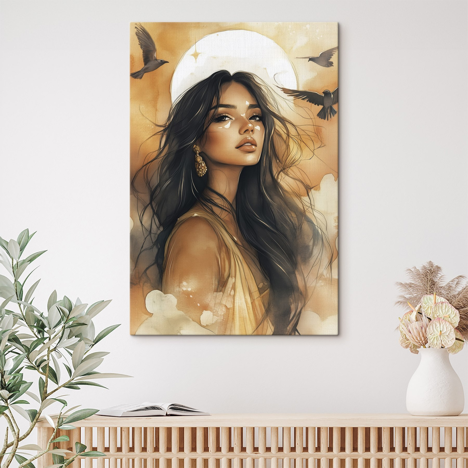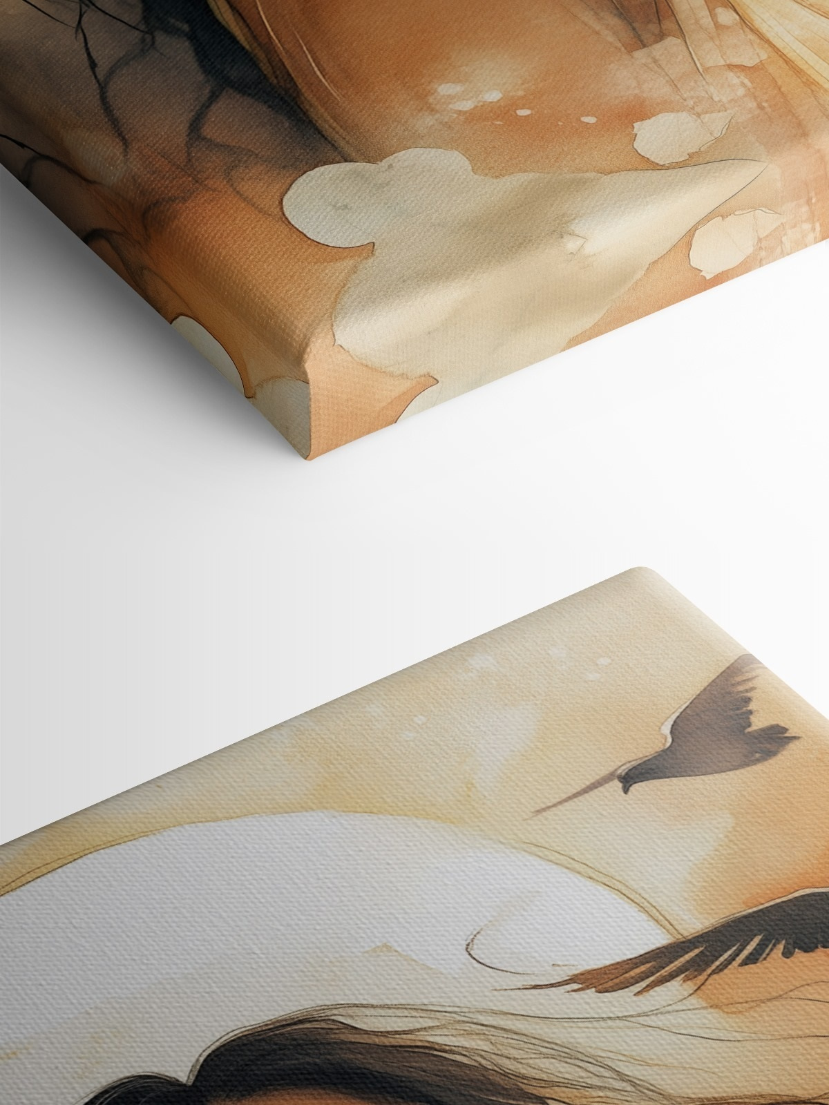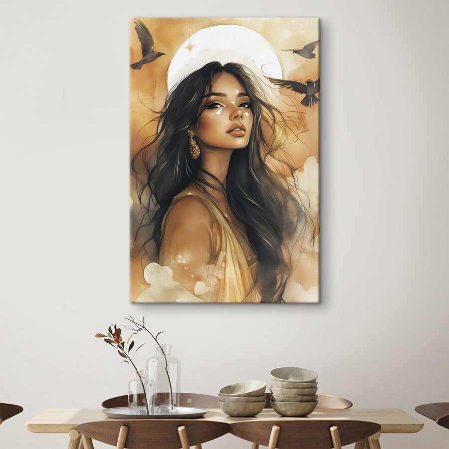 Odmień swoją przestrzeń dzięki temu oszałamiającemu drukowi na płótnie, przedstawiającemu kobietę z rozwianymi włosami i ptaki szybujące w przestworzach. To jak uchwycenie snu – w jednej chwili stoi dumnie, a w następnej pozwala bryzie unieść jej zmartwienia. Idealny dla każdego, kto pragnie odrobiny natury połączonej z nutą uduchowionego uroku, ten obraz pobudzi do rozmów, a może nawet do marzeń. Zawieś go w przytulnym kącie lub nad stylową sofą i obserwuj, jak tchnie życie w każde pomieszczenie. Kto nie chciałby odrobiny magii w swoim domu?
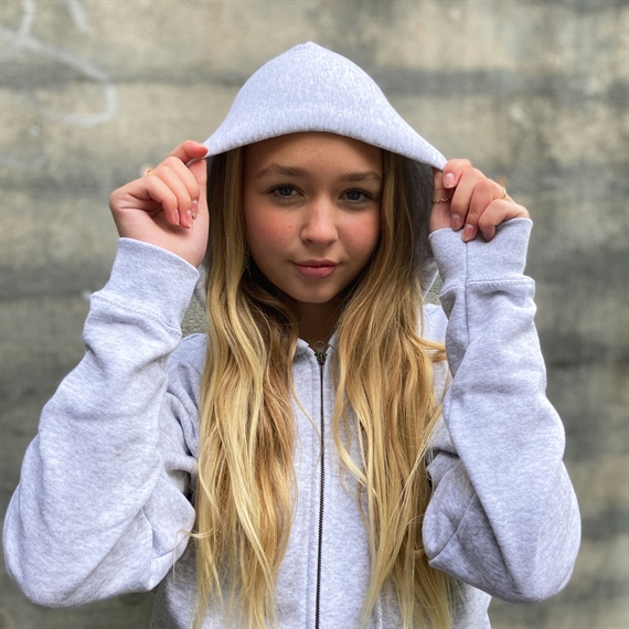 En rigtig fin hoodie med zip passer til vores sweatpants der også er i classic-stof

...

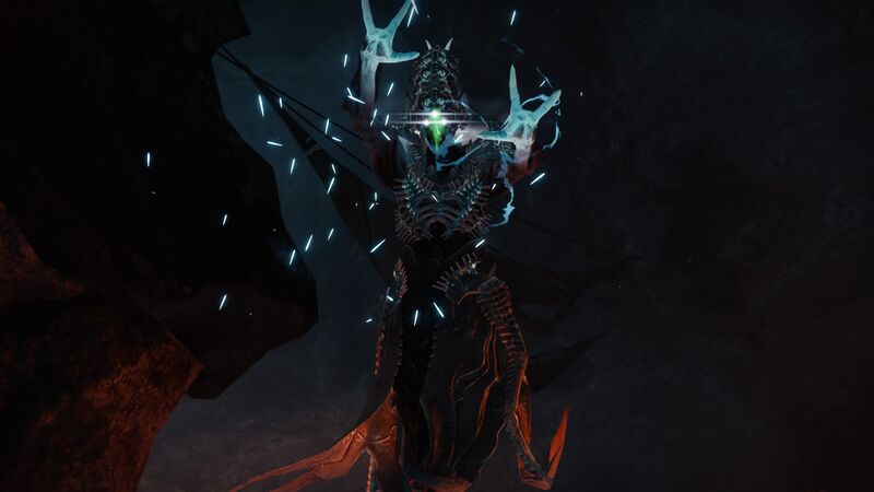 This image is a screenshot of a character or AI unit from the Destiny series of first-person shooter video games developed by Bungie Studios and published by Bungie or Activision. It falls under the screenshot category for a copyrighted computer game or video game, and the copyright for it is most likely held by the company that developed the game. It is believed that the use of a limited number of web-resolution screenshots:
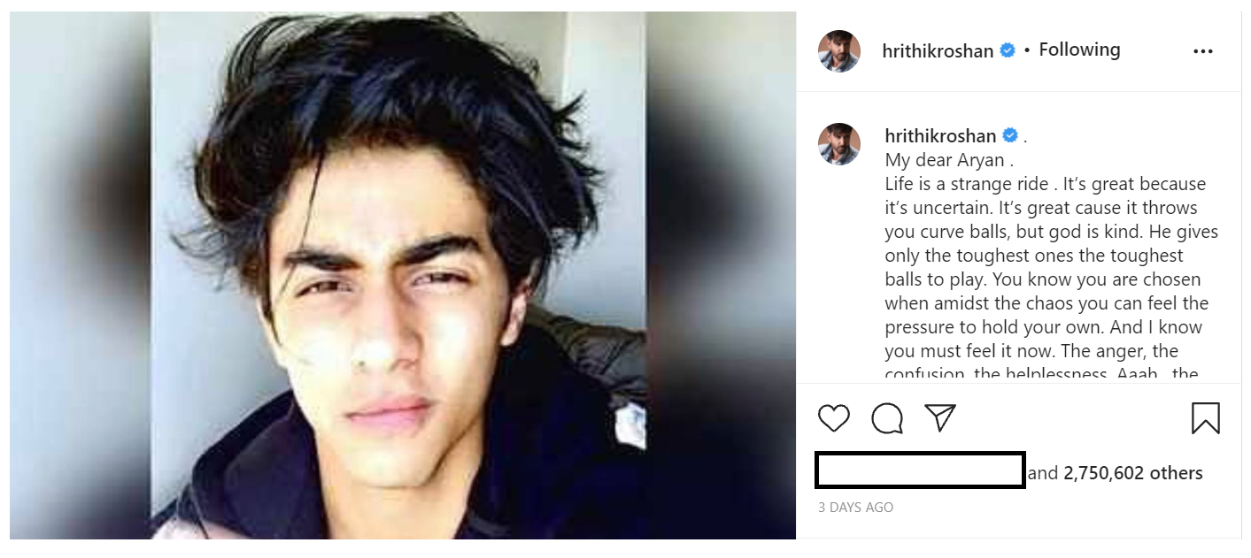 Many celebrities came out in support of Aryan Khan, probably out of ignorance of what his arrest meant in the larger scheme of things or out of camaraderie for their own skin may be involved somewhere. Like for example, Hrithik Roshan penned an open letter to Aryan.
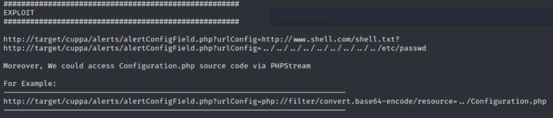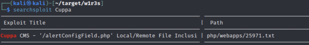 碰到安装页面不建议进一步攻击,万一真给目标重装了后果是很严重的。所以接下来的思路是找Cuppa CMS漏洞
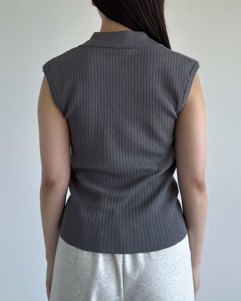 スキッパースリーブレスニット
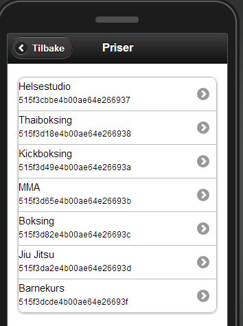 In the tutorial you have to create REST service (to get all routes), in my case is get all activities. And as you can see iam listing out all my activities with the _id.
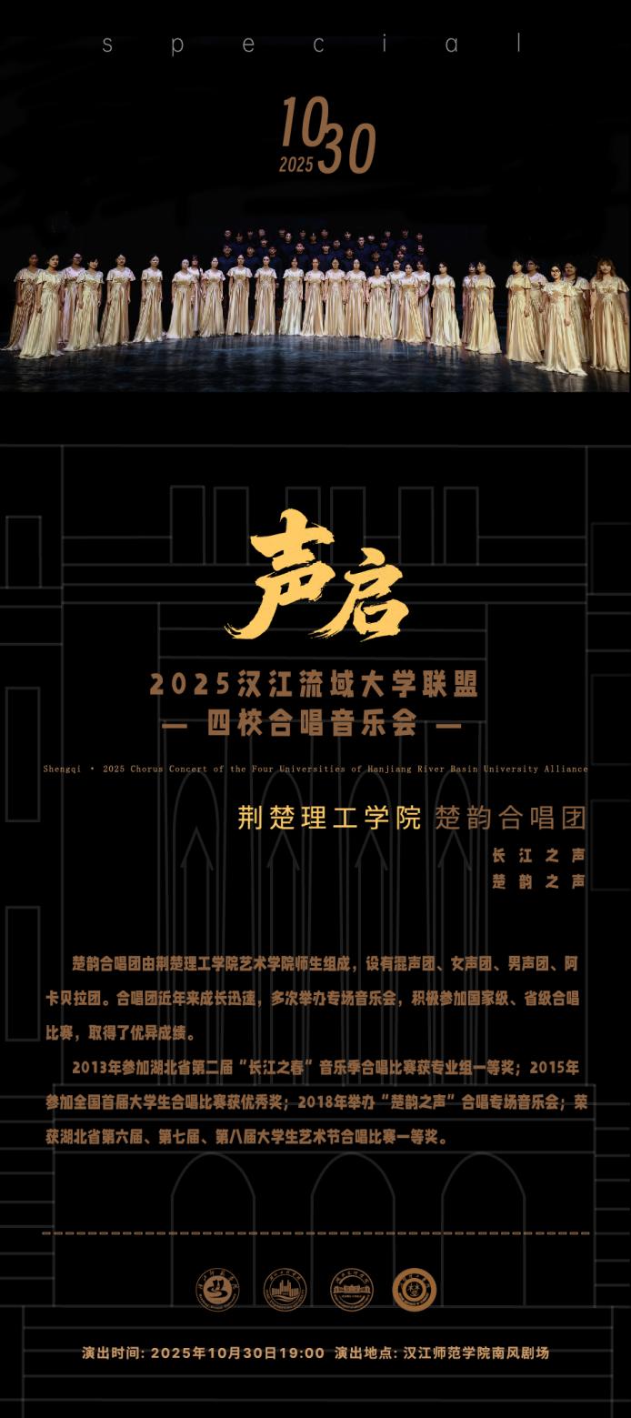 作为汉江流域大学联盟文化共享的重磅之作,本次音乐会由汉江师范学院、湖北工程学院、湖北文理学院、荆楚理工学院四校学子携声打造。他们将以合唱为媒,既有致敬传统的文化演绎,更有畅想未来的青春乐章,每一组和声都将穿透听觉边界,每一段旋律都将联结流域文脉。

* * *

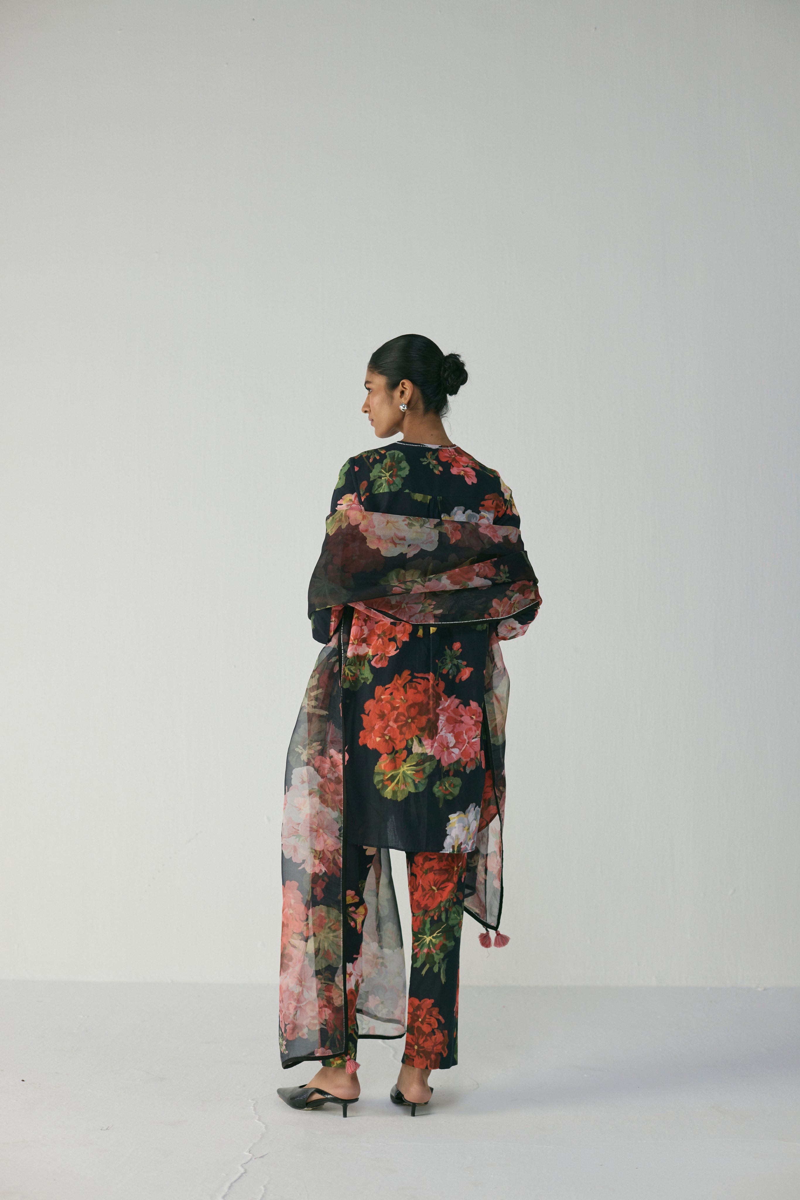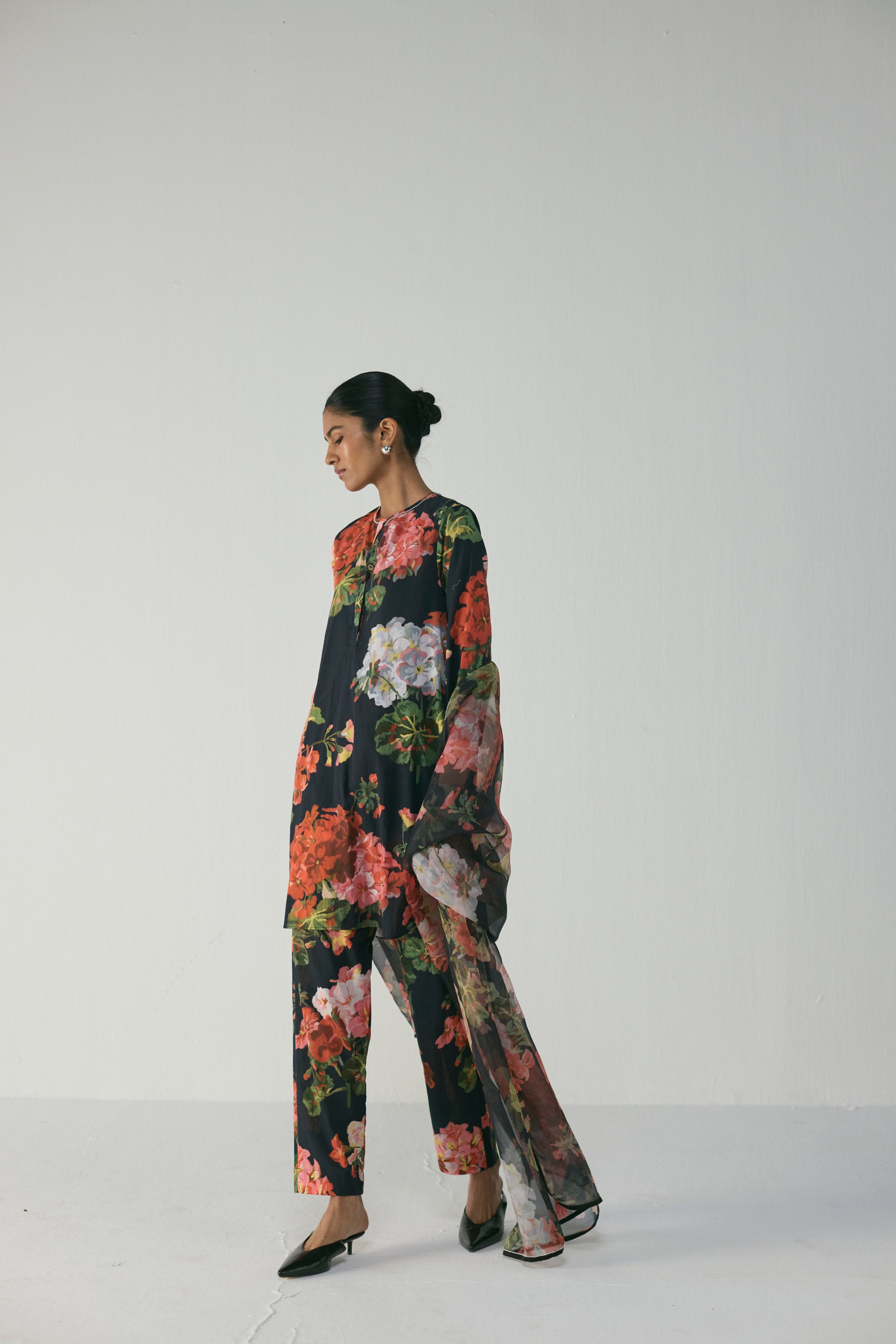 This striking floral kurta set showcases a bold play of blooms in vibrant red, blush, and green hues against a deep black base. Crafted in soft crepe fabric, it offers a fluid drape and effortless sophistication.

• [WHAT YOU HAVE TO DO] Copy out exactly the lines above beginning with the line that contains "In the tutorial" and finishing with the line that contains "作为汉江流域大学联盟文化共享", including both; leave the pictures out.

• [YOUR SOLUTION]
 In the tutorial you have to create REST service (to get all routes), in my case is get all activities. And as you can see iam listing out all my activities with the _id.
 作为汉江流域大学联盟文化共享的重磅之作,本次音乐会由汉江师范学院、湖北工程学院、湖北文理学院、荆楚理工学院四校学子携声打造。他们将以合唱为媒,既有致敬传统的文化演绎,更有畅想未来的青春乐章,每一组和声都将穿透听觉边界,每一段旋律都将联结流域文脉。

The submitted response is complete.